Enrichment Analysis

Enrichment analysis is often useful, especially when used in conjunction with graph clustering. Graphia provides an enrichment tool for testing your data.

Enrichment analysis is an additional test that can be performed on sets of data to identify how significant the set distribution is compared to an average. Imagine 4 red and 4 blue balls distributed between 2 sets randomly. The statistical likelihood is that each set should get 2 red and 2 blue balls. If a bag had 4 red balls in they would be “Enriched” in red balls since it is statistically unlikely to occur by random chance. It is a useful tool for understanding how likely a result is.

The sets on the left are the statistical average layout, with 50% red and 50% blue. The sets on the right are said to be "enriched" in red and blue respectively as they contain 100% red or 100% blue, deviating from the statistical average.

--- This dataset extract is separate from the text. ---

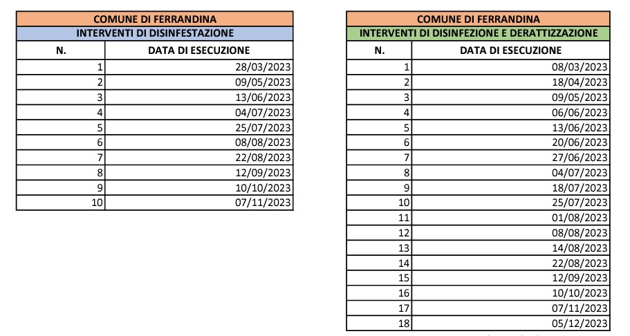 Si informa la cittadinanza che, nella sezione Raccolta RSU del sito del Comune di Ferrandina, è consultabile il programma annuale degli interventi di derattizzazione, disinfestazione e disinfezione che ProgettAmbiente effettuerà sul territorio comunale nel corso del 2023.
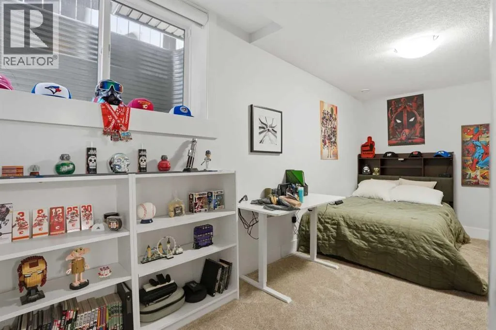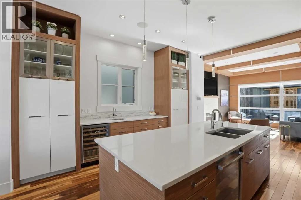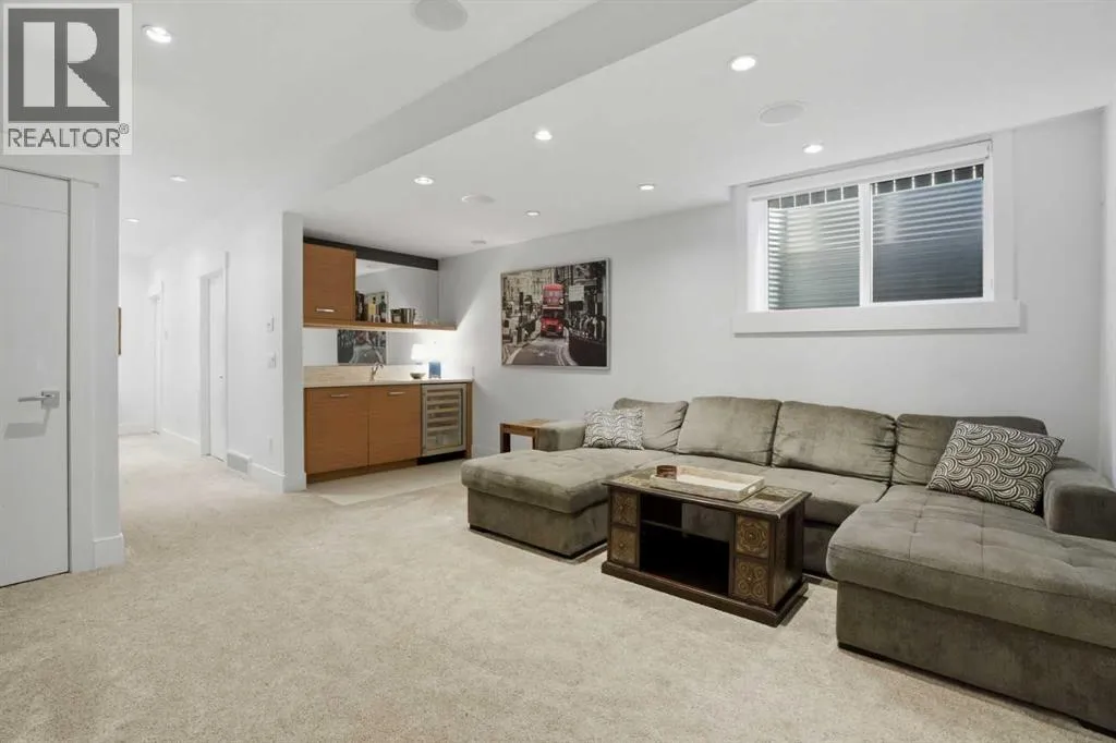 Inside, the home unfolds into a beautifully curated main level that balances sophistication with livability. From the moment you walk in you can feel how well this home has been cared for. The open-concept design creates a seamless flow, anchored by a stunning living space featuring a contemporary tiled fireplace that adds both warmth and architectural interest. Thoughtful additions like a functional mudroom and main floor powder room ensure the home is as practical as it is polished, while rich hardwood flooring ties everything together with timeless elegance.The kitchen is nothing short of impressive—designed to elevate both everyday moments and making entertaining effortless. Custom-built cabinetry, sleek quartz surfaces, and an expansive island create a striking focal point. Premium stainless steel appliances—including a gas cooktop, a built-in microwave (2023), a silent dishwasher with a third rack (2023), and a beverage fridge—offer both performance and style.Upstairs, the home continues to impress with high ceilings, three grandly scaled bedrooms, a full bathroom, and a dedicated built-in workspace—perfect for modern family life or working from home. The primary suite feels like a private escape, complete with a spa-inspired 5-piece ensuite and a spacious walk-in closet. Plush new carpeting (2023) enhances comfort throughout the entire upper level.The fully finished lower level expands your living space intentionally, offering a large recreation area ideal for entertaining or relaxing, a sleek wet bar with a beverage fridge, a fourth bedroom, and a beautifully appointed full bathroom. With new carpet installed in 2023, this level feels fresh, inviting, and ready to enjoy.This home has been meticulously cared for and thoughtfully upgraded over time. Upgrades include a newer roof (2017), furnace and water softener (2020), full interior repaint (2023) with touchups done (2026), and a brand-new 75 gallon hot water tank (2024), ensuring stress-free years ahead.Outdoors, the south-facing backyard is designed for both relaxation and connection. Featuring a raised seating area, and an electric retractable awning for added comfort, the space transitions effortlessly from daytime lounging to evening entertaining. Ambient string lighting completes the setting, creating a warm and inviting atmosphere long after the sun goes down. Whether for a morning coffee or evenings with friends this spacious backyard offers just what you are looking for! This is more than just a home—it’s a complete lifestyle opportunity in one of Calgary’s most desirable neighborhood! (id:62650)

With a dataset loaded, Enrichment is located under Tools → Enrichment. This will bring up the Enrichment wizard. The enrichment wizard will walk you through the steps to get started.

The first attribute you be asked to select will define the “sets” to test for enrichment. This is usually going to be a clustering, i.e. MCL or Louvain. The second attribute you will be asked to select will be the attribute value to test for enrichment. In the example above this would be the colour of the balls.

When completed, you will be shown the Enrichment Results dialog. This will display a table of results and a heat map representation of the enrichment testing on the right.

The table displays the comparison, the observed amount, the expected average and the over-representation factor. The amount of over-representation within the set (compared to the average) is displayed in the "Representation" column. The Fisher's column is the Fisher's exact test results for that comparison. The adjusted Fisher's is simply the Fisher's value scaled by the number of different groups found within the set.

The heatmap displays the adjusted fisher’s p-value in an easy to use form. Click a heatmap result to highlight the table entry. Only statistically significant values are coloured in the heatmap, values below the standard 0.05 threshold are shown in grey. By default only the significantly enriched results are displayed in the table. To show all enrichment results, regardless of significance, click the toolbar button on the top left of the results window.